- Revenues increase faster than inventory.
- Finished goods represent a small amount of revenues.
- Customers pay cash, accounts receivable stay small.
- No, Tesla doesn’t have an inventory problem, quite the contrary.
Rumors about Tesla's (NASDAQ:TSLA) inventory problems come and go every quarter, but the odds are Tesla provides a detailed view of its inventory quarter over quarter, which I'm going to analyze to make my point against such rumors.
There are three facts, which demonstrate Tesla doesn't have an inventory problem. Actually, Tesla has a good inventory management with more raw materials than finished goods, as well as very low inventory write-offs. It is also easier for the company to manage its inventory thanks to the fact that their cars are production constrained and attractive to the customers. Now, let's point out the inventory facts.
Fact #1: Revenues increase faster than inventory
Tesla's revenues have substantially increased, from $400 million in 2012 to $2 billion in 2013. And the story is going to repeat in the following years. In fact, analysts expect revenues of $3.7 billion and $5.3 billion for the years 2014 and 2015.
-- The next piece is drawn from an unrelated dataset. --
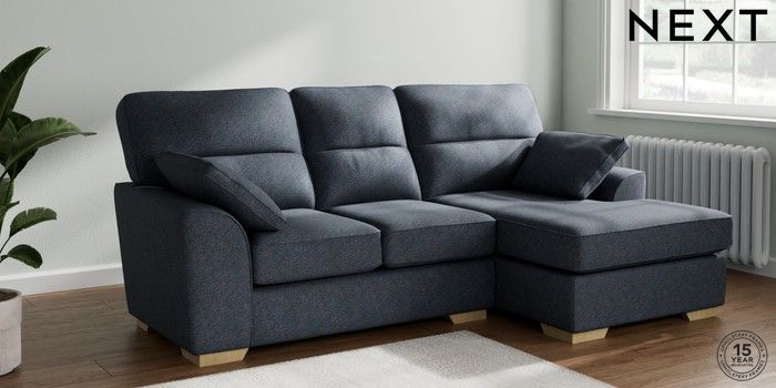 7.2.10 Stamford Highback Small Sofa Chaise - Right Hand Tweedy Chenille Navy Blue Large Square Angle - Light | Made Click here to use our website with more accessibility support, for example screen readers

In my opinion, revenues will increase in the following years as analysts predict, because the market for electric cars is at a growing stage, far from traditional car markets, which are already mature in the US and Europe. On the contrary, demand for electric cars is expected to stay strong in western countries. Afterwards, don't forget to point out China's potential market. I wouldn't underestimate China's electric cars demand for the future, as Elon Musk said:
"It could be as big as the U.S. market, maybe bigger. Even without building there locally, it's always going to be the second-biggest market after the U.S."
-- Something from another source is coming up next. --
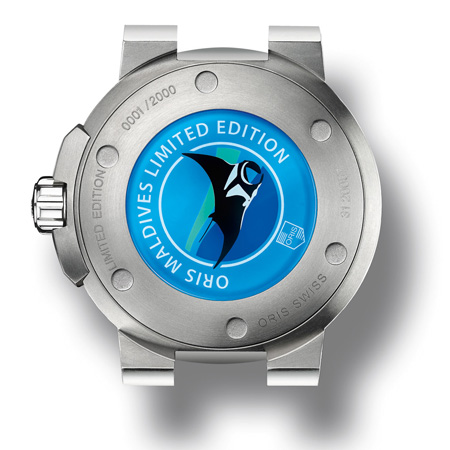 在馬爾地夫旅遊,對於潛水愛好者來說,如果遇到魔鬼魚是一件幸運的事。這種寬寬扁扁的魟魚,隨著島嶼的沉陷也許將會不復存在。為向此珍貴的保護品種致敬,Oris馬爾地夫限量表款以鈦合金錶殼精緻呈現,表背特別鐫刻獨特的魟魚圖像。令這一珍惜魚種長久為人們銘記。

For the last five quarters (see table below), the growth rate of revenues stands for at 19%, while the inventory growth rate comes at 6%. For Q4 2013, revenues are up by 42% and inventory is down by 2%. This table demonstrates the fact that Tesla can sell its cars very quickly in the market. Customer's demand for Tesla's electric cars is huge, cars don't stick in the factory waiting for a customer, as it is the case with certain cars companies. This is why revenues grow faster than inventory.
If you are not yet convinced about the fact that the company doesn't have an inventory problem, let's go on with Fact #2, which goes a little bit deeper in the inventory details.
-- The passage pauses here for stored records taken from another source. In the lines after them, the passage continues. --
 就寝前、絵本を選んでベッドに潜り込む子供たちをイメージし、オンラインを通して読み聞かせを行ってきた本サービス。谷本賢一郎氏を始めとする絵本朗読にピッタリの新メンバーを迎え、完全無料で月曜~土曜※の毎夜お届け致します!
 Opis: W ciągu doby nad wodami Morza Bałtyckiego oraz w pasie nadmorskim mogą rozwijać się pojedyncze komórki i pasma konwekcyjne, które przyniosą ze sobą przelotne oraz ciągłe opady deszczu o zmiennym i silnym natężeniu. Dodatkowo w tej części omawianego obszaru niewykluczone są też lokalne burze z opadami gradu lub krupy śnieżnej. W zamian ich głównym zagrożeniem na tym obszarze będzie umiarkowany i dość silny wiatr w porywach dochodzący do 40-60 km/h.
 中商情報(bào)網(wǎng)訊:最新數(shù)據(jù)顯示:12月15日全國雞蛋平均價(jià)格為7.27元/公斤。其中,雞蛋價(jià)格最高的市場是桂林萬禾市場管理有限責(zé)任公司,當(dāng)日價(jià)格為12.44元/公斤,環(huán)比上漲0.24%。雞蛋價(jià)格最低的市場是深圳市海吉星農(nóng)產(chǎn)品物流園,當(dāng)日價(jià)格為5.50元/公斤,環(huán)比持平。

Fact #2: Low finished goods, high raw materials
If you look at the inventory details, you can notice that finished goods increase at a growth rate of 2.6% for the last five quarters, while raw materials increase by 3%. Specifically, Q4 2013 % change is very interesting. In fact, raw materials go up by 12.3% and finished goods go down by 32.3%, which proves the fact that Tesla sells its car very quickly. Moreover, the company expects higher demand in the future as evidenced by raw materials, which have increased the three last quarters from $99.7 million to $184.6 million.
As you can see in the graph, raw materials bottomed in Q2 2013. Since then, Tesla almost doubles it at $184.6 million, while finished goods stay approximately at the same level, from $77.8 million to $69.3 million.
Regarding the finished goods, you can see that they are very low in comparison with total revenues, which shows that Tesla is production constrained at the moment. Remember that the company has planned to build a gigafactory to expand its production capacity, so I wouldn't be surprised if that number goes up heavily in the future, but remains at the same level as a % of total revenues.
Fact #3: Accounts receivable as a % of total revenues stay low
When you have an attractive product such as Tesla's cars, you can sell it straight forward to the market, without asking for deferred payment, which comes directly in accounts receivable. In Tesla's case, accounts receivable represent less than 8% of total revenues for the last quarter, which is relatively small and points out the capacity of Tesla to receive payment from customers without delays.
Tesla doesn't have an inventory problem as shown by these three facts. Maybe Tesla is risky and overvalued at the moment given the risks raised by its gigafactory, increasing competition from other manufacturers in electric cars and high expectations of future growth. But, the company can continue its stock market success story based on the facts I pointed out.
While Tesla can continue to attract more customers by delivering attractive products and manage its inventory of raw materials and finished goods as well as today, I won't advise to try to short the stock. If you want to short, you have to look at the inventory management first and here, Tesla is doing a great job quarter over quarter. So Tesla is certainly not a short opportunity at the moment.
In Tesla's case, I will take a wait and see approach until something interesting happens, which could permanently affect the company in a negative or positive way.
Disclosure: I have no positions in any stocks mentioned, and no plans to initiate any positions within the next 72 hours. I wrote this article myself, and it expresses my own opinions. I am not receiving compensation for it (other than from Seeking Alpha). I have no business relationship with any company whose stock is mentioned in this article.
Additional disclosure: I may initiate a short or long position at any time.